Да и он чаще ездит с кем-то. То по Службе, то просто так.
Но мотоцикл — это драйв и скорость, когда нет никаких границ между тобой и дорогой, и простор щекочет затылок. То, что надо, чтобы почувствовать себя чуть более живым, чем ему казалось всё это время.
Клуб выглядит совершенно нежилым. Обычно около него толклись гости, раздавалась громкая музыка из-за двери, а сейчас какая-то густая тишина, притаившаяся среди стен других домов. И вереница пустых машин.
А вот внутри как раз творится суета, а Лиза замирает на пороге, обводя всех взглядом и выискивая Николая в толпе.

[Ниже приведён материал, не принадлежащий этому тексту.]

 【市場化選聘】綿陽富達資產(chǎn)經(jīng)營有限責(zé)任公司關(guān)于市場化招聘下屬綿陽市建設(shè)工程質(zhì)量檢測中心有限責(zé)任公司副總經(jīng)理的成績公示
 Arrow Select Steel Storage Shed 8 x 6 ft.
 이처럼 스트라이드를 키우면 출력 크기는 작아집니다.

Кирилл прислоняется к стенке — на него снова накатывает болезненная слабость.
А мышцы ноют и деревенеют, так что он повисает на барной стойке, еле взобравшись на стул.
— Я сейчас его приведу, ты уж лучше сиди.
— Ага. Спасибо.
От общего гомона начинает опять стучать в висках, а дыхание сбивается на хрипы. Кириллу кажется, что весь мир покрыт налётом пыли и серости. И всё становится только хуже.

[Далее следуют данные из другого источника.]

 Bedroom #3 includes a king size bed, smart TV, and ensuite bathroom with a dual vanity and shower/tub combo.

Сейчас бы залезть прямо в костёр, в его горячие угли или ванну с обжигающей водой и витающим над ней паром. Только чтобы хоть немного согреться. Руки трясутся, когда он хватает кем-то забытую кружку с чаем — просто для тепла. Хоть какого-то.
— Лиза, это действительно так срочно?
— Да, Ник, правда! — Лиза отвечает едва ли не сердито. — Не думай, что я не понимаю, как тут всё у вас важно. Так, всё, я к Сюзанне, попробуем пробиться к Кристине.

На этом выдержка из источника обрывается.